--- EXCERPTED DATA Enclosed Below ---

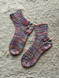 ちなみに竹串か?!ってくらい細い針で編んでるので意外と薄いです。普通の靴下と同じように履けますよ
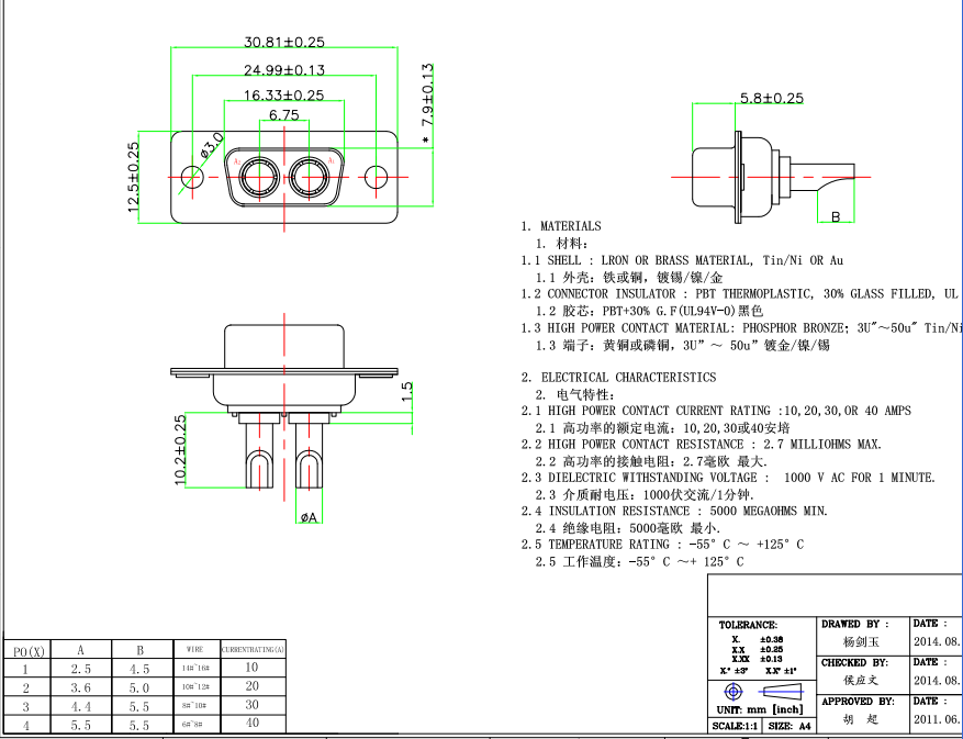 D型 2芯 30A 矩形航空插頭,參照GJB142A標準,該類產品型號種類多,有大電流,有混裝大小電流的,客戶可根據實際情況選用,具體介紹如下:
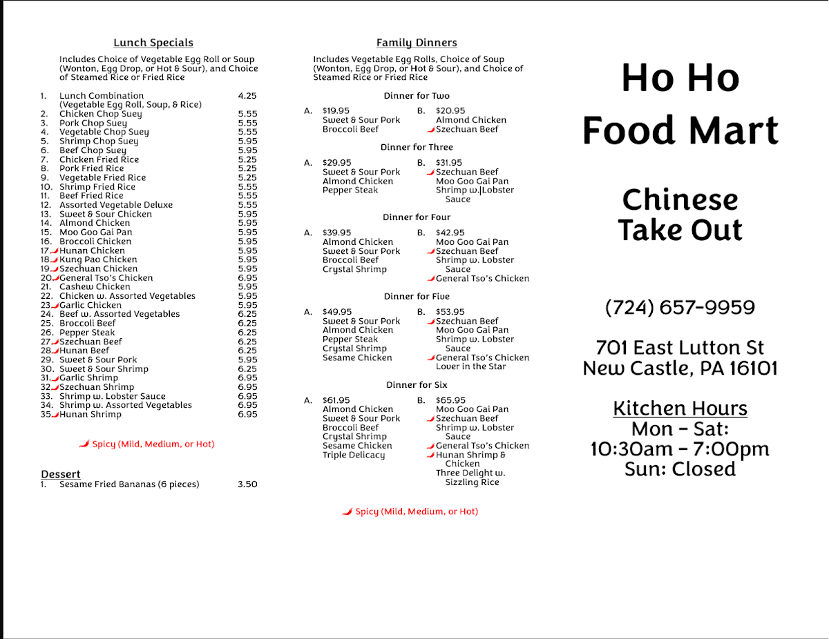 Ho Ho Food Mart is located at 701 E Lutton St, New Castle, PA 16101, United States, characterized as a Chinese Takeaway with 56 reviews. It experiences peak wait times of up to 15 minutes on Tuesdays from 3:30 PM to 6:00 PM, Wednesdays from 11:00 AM to 1:30 PM, Fridays from 11:30 AM to 2:30 PM, and Saturdays from 11:00 AM to 1:30 PM, while Thursdays and Sundays typically have no wait. Popular items include Sesame Fried Bananas, Bag of Fried Noodles, Quart and Pint sizes of Steamed or Fried Rice, and Dinner for Six (B), catering well to takeout customers during busy meal periods throughout the week.
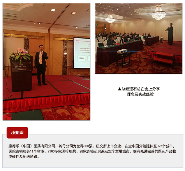 會上,我司總經理石磊對即將落地的新業務模式的目的和意義作了充分闡述,并分享了理念及實戰經驗,并宣布與康德樂(四川/重慶)醫藥有限公司達成合作意向,委托其在上述區域獨家開展速豐?銷售終端配送服務。這次與康德樂公司達成合作,也是我司借助新平臺的優勢,共同推進醫療流通領域改革轉型的一大壯舉。
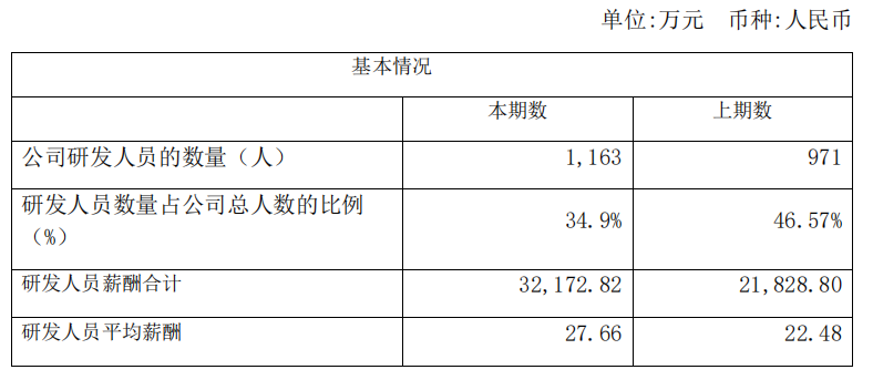 据荣昌生物2022年业绩发布显示,截止2022年底,公司拥有研发人员1163人,占公司总人数34.9%,新增192人。2022年研发人员平均薪酬27.66万元,同比增长23%;研发人员薪酬合计3.22亿元,同比增长48%。
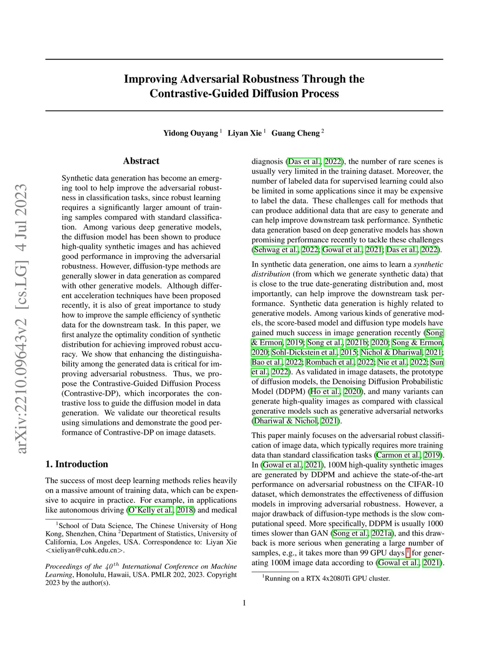 Improving Adversarial Robustness by Contrastive Guided Diffusion Process

--- End of Enclosed EXCERPTED DATA ---

• **WORK INSTRUCTION**
Retype the records above exactly, starting at the line that contains "据荣昌生物2022年业绩发布" and going through the last line, and leave out any pictures.

• **WRITTEN ANSWER**
 据荣昌生物2022年业绩发布显示,截止2022年底,公司拥有研发人员1163人,占公司总人数34.9%,新增192人。2022年研发人员平均薪酬27.66万元,同比增长23%;研发人员薪酬合计3.22亿元,同比增长48%。
 Improving Adversarial Robustness by Contrastive Guided Diffusion Process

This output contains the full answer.